* **Work item**:
Output the data below exactly, without images.

* **Input data**:
* * *

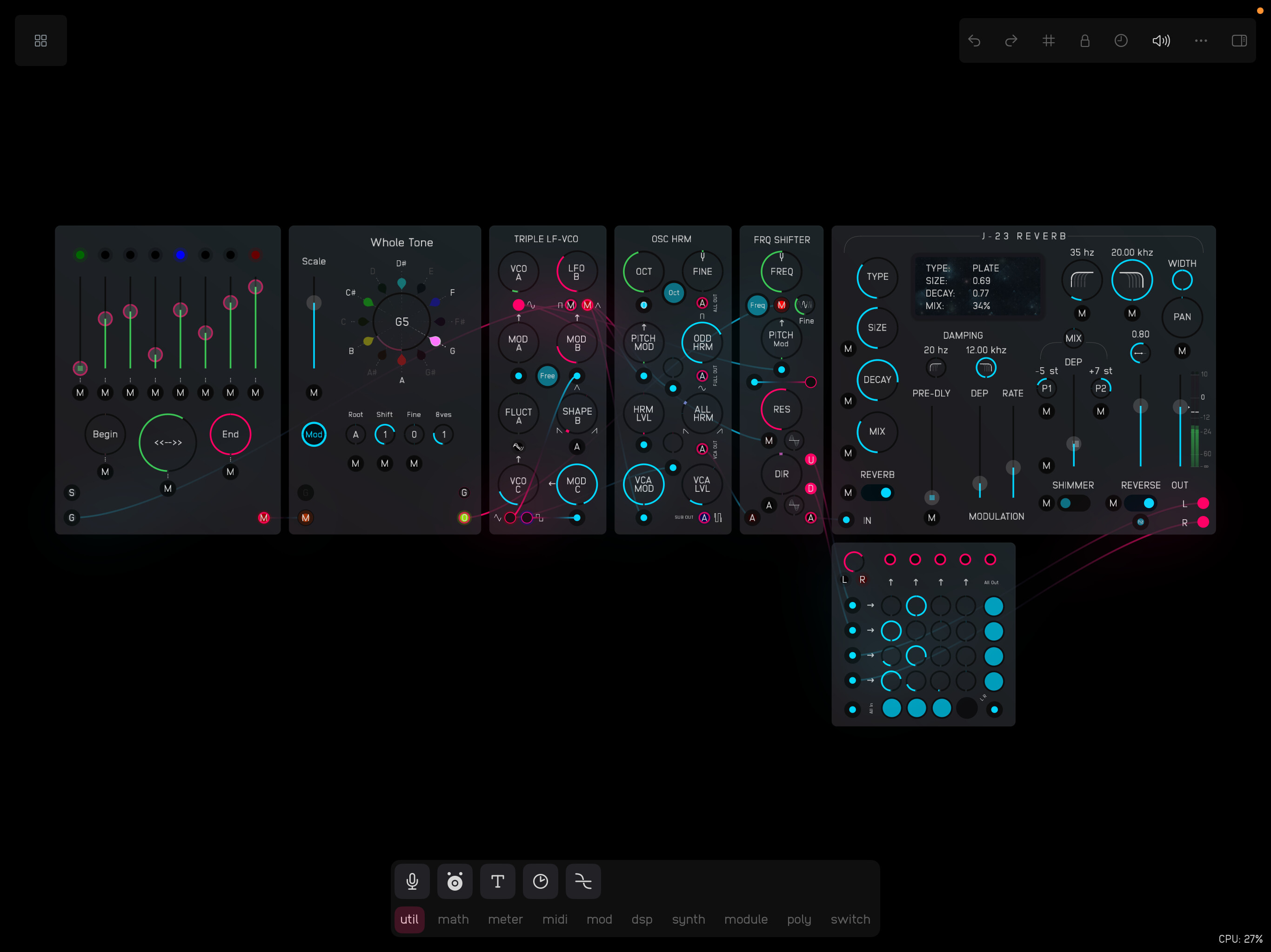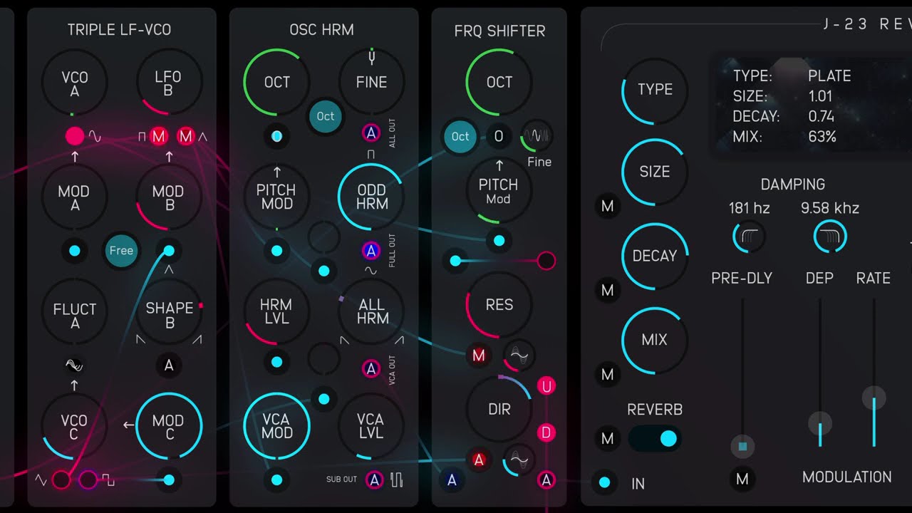And as with the Phaser the presence of all those Z-1 filters makes possible some nice percussive effects when pinging the shifter with low pulses. (N.B. The modulation inputs are bipolar.)
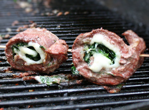 I find the breadcrumbs cut down on the dripping of the cheese. When it is browned on the second side, move them to a cooler part of the grill, close the lid and continue to cook until the middle part of the flank pinwheel registers 125 degrees on a meat thermometer. This should take about 5 minutes more.
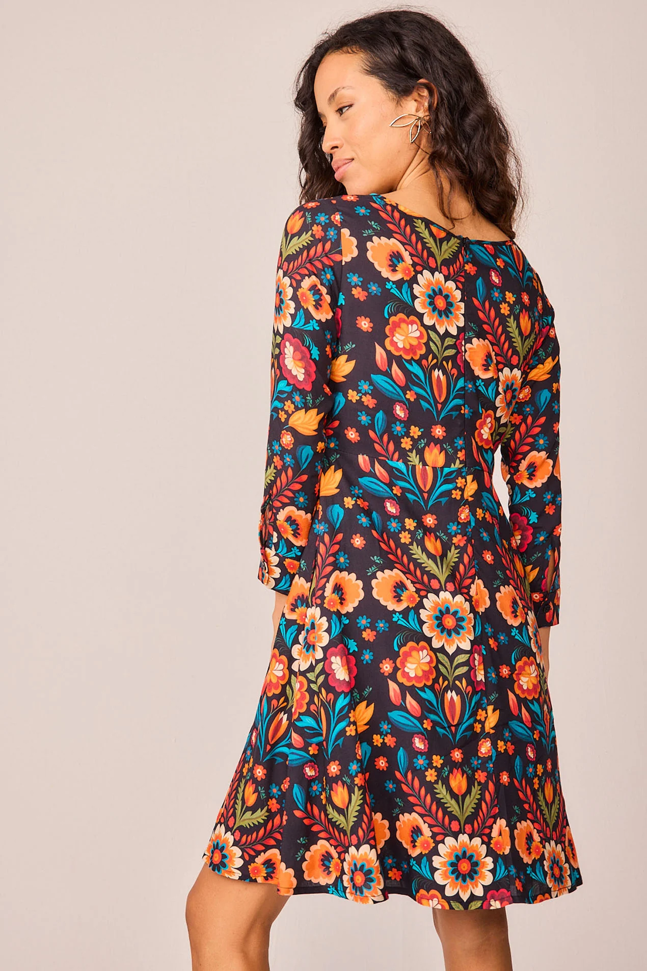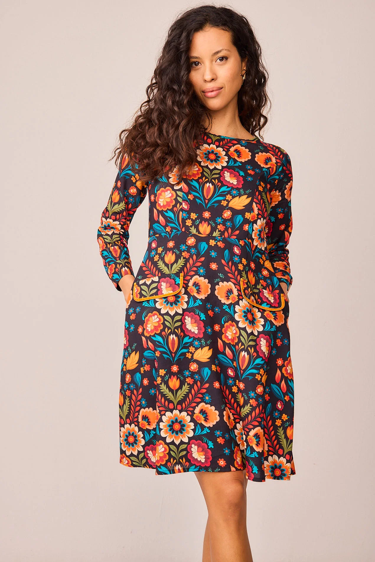 Vestido corto con cuello barco, cuerpo pegadito y falda capa con forro de algodón. Lleva dos bolsillos decorativos con un detalle de terciopelo, además lleva bolsillos invisibles. El vestido es completamente precioso.

* * *

* **Response**:
And as with the Phaser the presence of all those Z-1 filters makes possible some nice percussive effects when pinging the shifter with low pulses. (N.B. The modulation inputs are bipolar.)
 I find the breadcrumbs cut down on the dripping of the cheese. When it is browned on the second side, move them to a cooler part of the grill, close the lid and continue to cook until the middle part of the flank pinwheel registers 125 degrees on a meat thermometer. This should take about 5 minutes more.
 Vestido corto con cuello barco, cuerpo pegadito y falda capa con forro de algodón. Lleva dos bolsillos decorativos con un detalle de terciopelo, además lleva bolsillos invisibles. El vestido es completamente precioso.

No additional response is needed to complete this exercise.